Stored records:
Start of Block

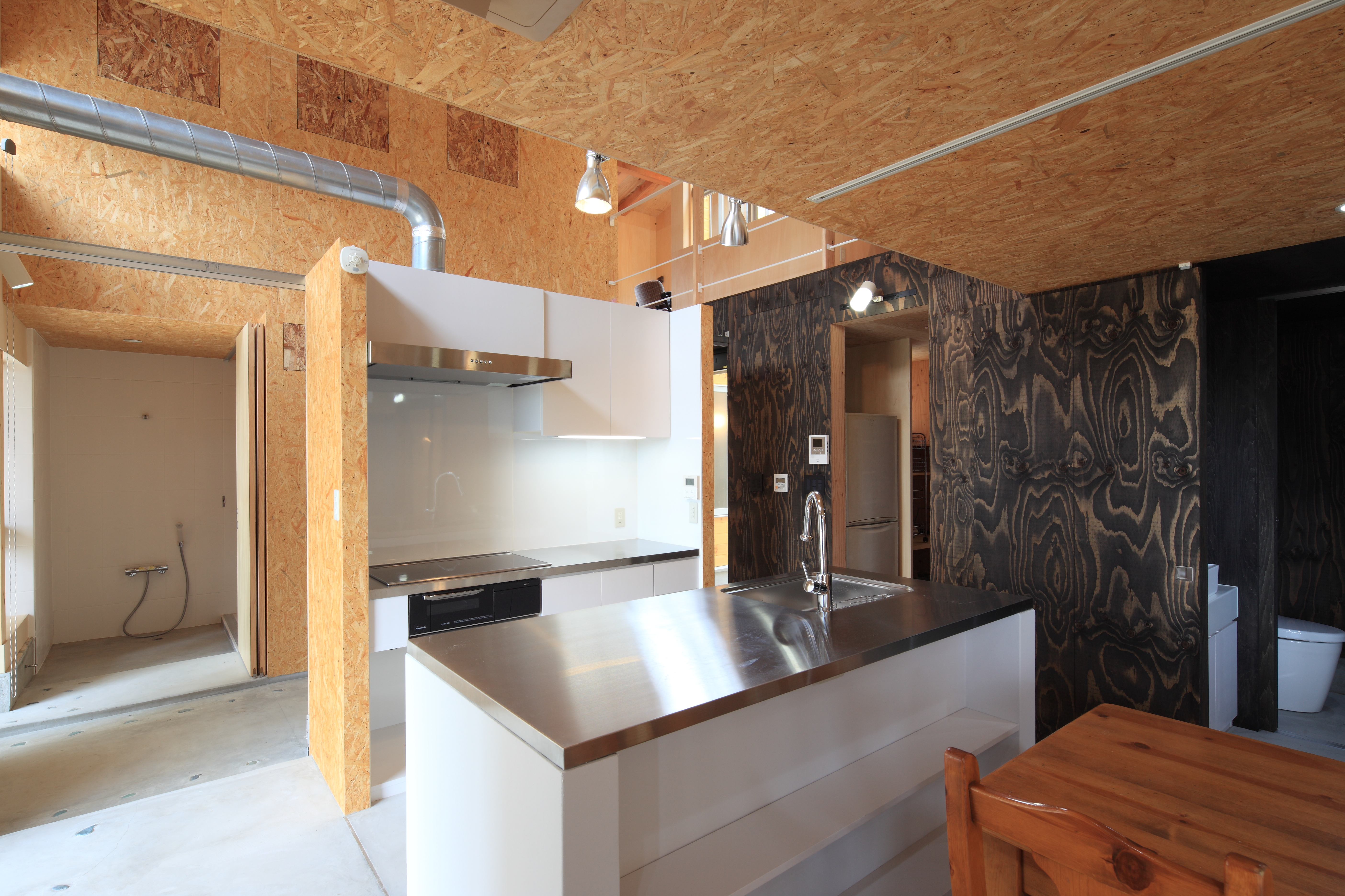 親子4人犬3匹が暮らすこの家に完全な個室は無く、大空間の中に、キッチンや水廻りの収納家具を配置することでいろんな時間を過ごすための場所を分けています。
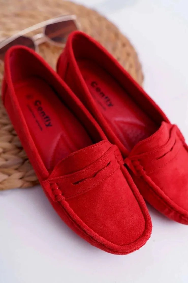 Clearance Boto Mokasyny Damskie Lekkie Eko-zamsz Czerwone Limez
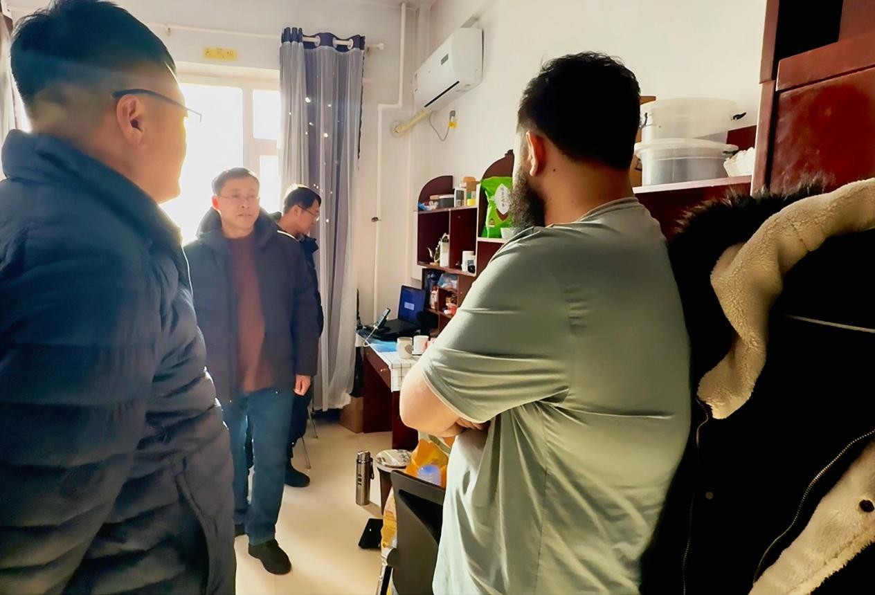 本网讯(通讯员 包宇航)为持续深化平安校园建设,切实保障在校国际学生的生命财产安全,营造安全、稳定、和谐的国际化学习生活环境,国际教育学院于12月11日组织开展了留学生公寓专项安全检查行动。本次检查由国际教育学院党委书记季宏伟带队,国际中文教育中心主任杜柏权及包宇航、张亮老师共同参加。
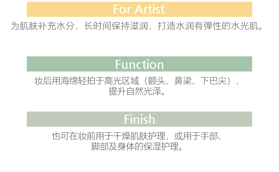 于妆前或妆后,使用化妆海绵或双手均匀涂抹于肌肤。
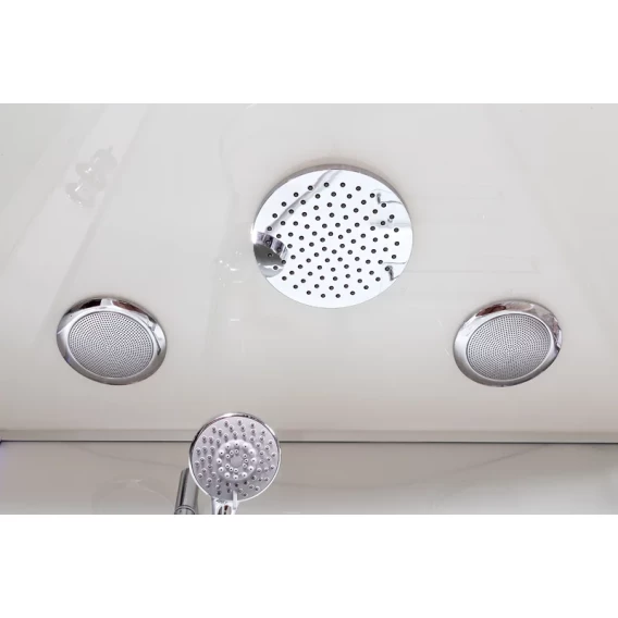 Душевой шланг, Душевая лейка, Держатель для душевой лейки, Полочка, Ручки, LED подсветка, Верхний душ, Металлический каркас, Поддон, Смеситель, Сифон, Штанга душевая, Ножки, Зеркало, Настил
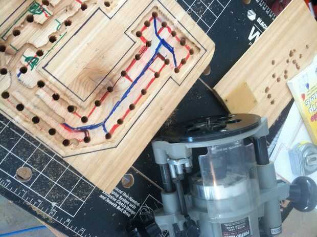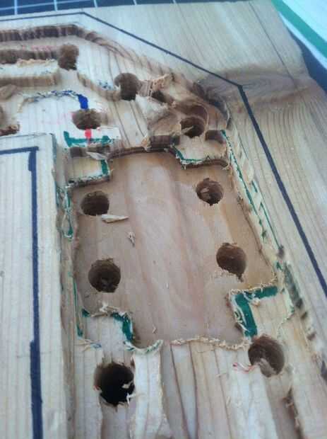 Esto fue prueba y error que todo ajusta bien. He tenido que volver atrás y quitar un poco de material porque los cables no eran bastante bastante tiempo. Necesito quitar algún material todavía en el tablero de perf porque el espacio entre los cables y la placa trasera no es lo suficientemente grueso donde todos los cables vienen juntos. He tenido que quitar el material bajo el tablero de perf para conectar los LEDs debajo.
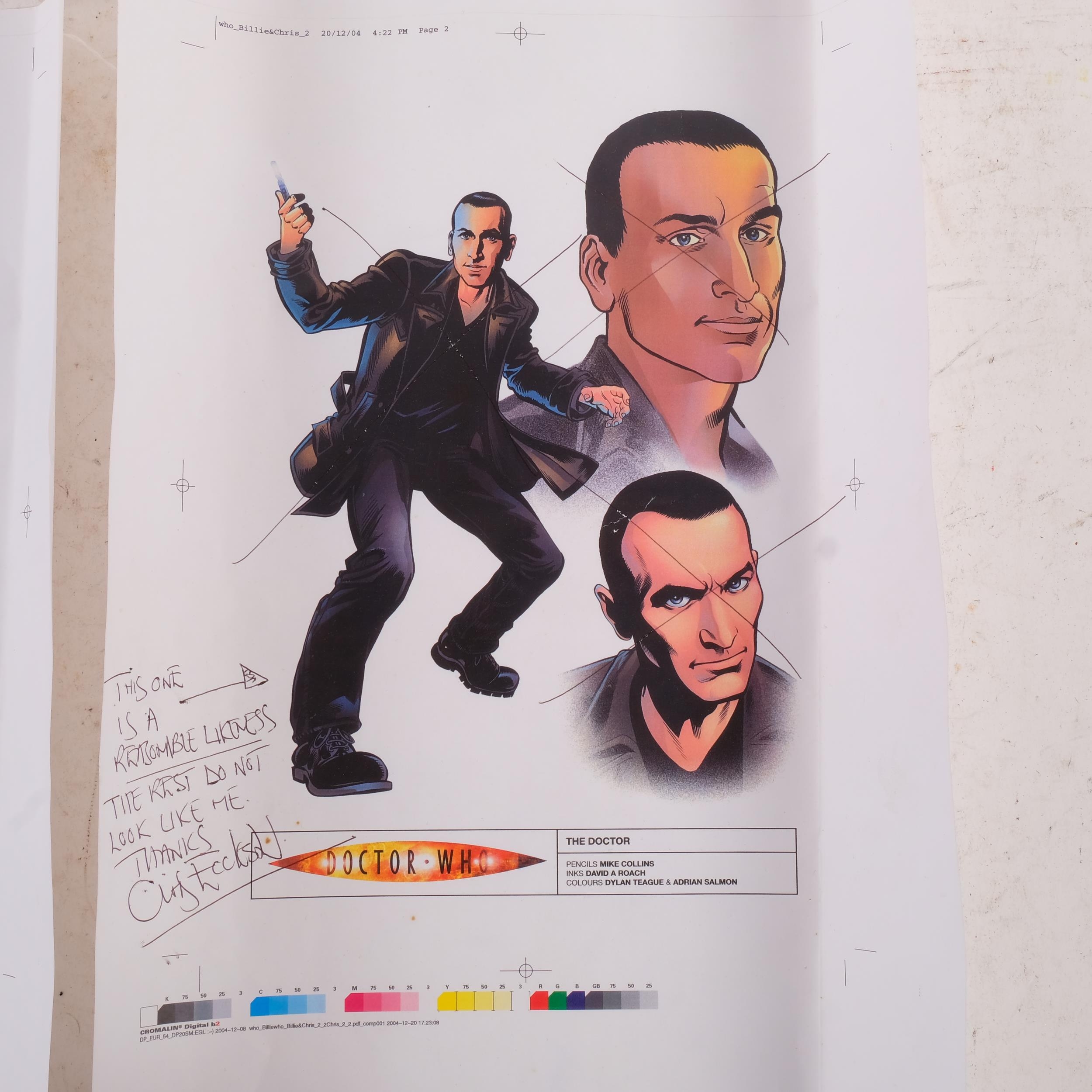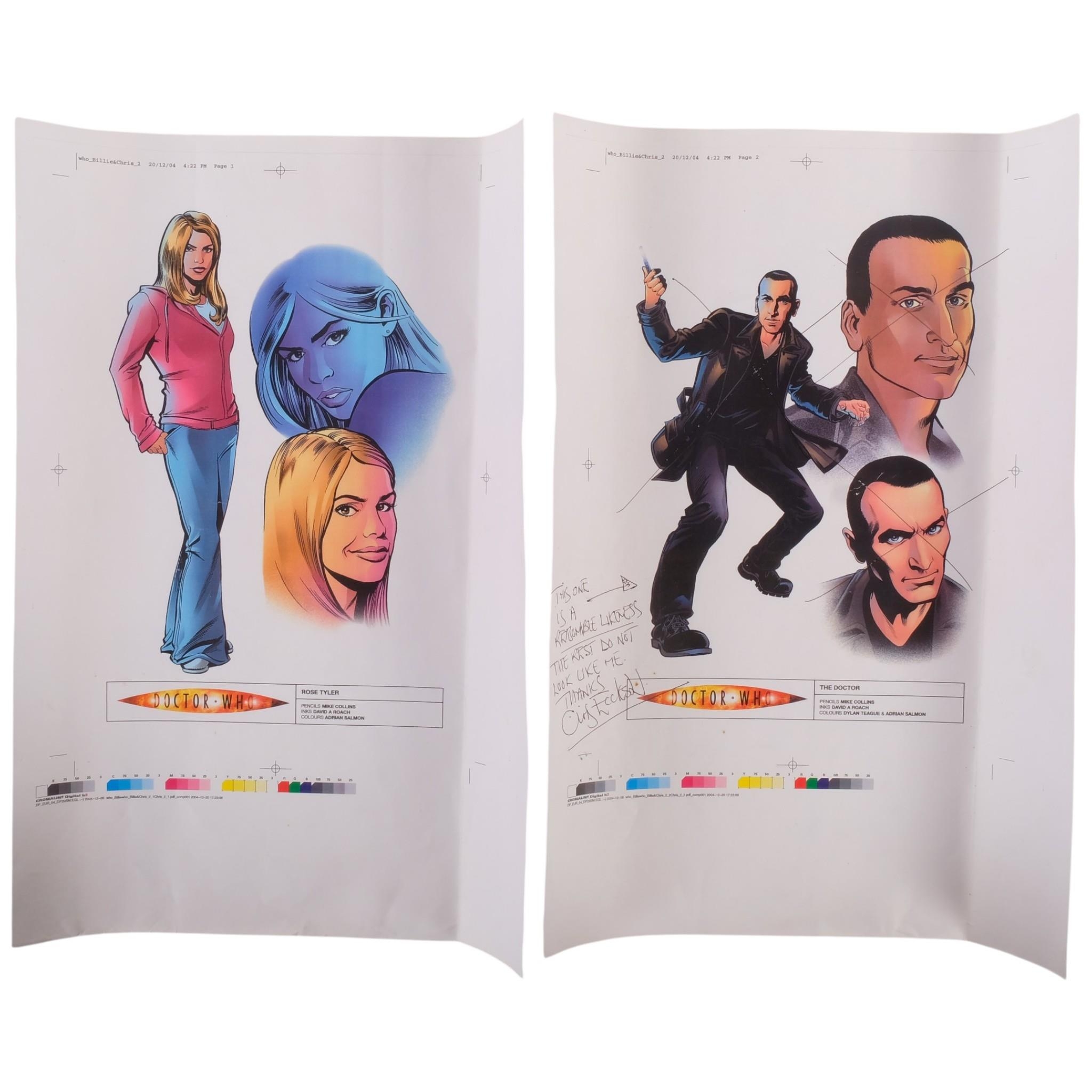 Dr Who, 2 printed character studies of Christopher Eccleston and Billie Piper, 1 inscribed and signed by Eccleston

End of Block

** WHAT YOU ARE ASKED TO DO **
Return the data exactly. Do not carry over any images.

** OUTPUT FOR THIS TASK **
 親子4人犬3匹が暮らすこの家に完全な個室は無く、大空間の中に、キッチンや水廻りの収納家具を配置することでいろんな時間を過ごすための場所を分けています。
 Clearance Boto Mokasyny Damskie Lekkie Eko-zamsz Czerwone Limez
 本网讯(通讯员 包宇航)为持续深化平安校园建设,切实保障在校国际学生的生命财产安全,营造安全、稳定、和谐的国际化学习生活环境,国际教育学院于12月11日组织开展了留学生公寓专项安全检查行动。本次检查由国际教育学院党委书记季宏伟带队,国际中文教育中心主任杜柏权及包宇航、张亮老师共同参加。
 于妆前或妆后,使用化妆海绵或双手均匀涂抹于肌肤。
 Душевой шланг, Душевая лейка, Держатель для душевой лейки, Полочка, Ручки, LED подсветка, Верхний душ, Металлический каркас, Поддон, Смеситель, Сифон, Штанга душевая, Ножки, Зеркало, Настил
 Esto fue prueba y error que todo ajusta bien. He tenido que volver atrás y quitar un poco de material porque los cables no eran bastante bastante tiempo. Necesito quitar algún material todavía en el tablero de perf porque el espacio entre los cables y la placa trasera no es lo suficientemente grueso donde todos los cables vienen juntos. He tenido que quitar el material bajo el tablero de perf para conectar los LEDs debajo.
 Dr Who, 2 printed character studies of Christopher Eccleston and Billie Piper, 1 inscribed and signed by Eccleston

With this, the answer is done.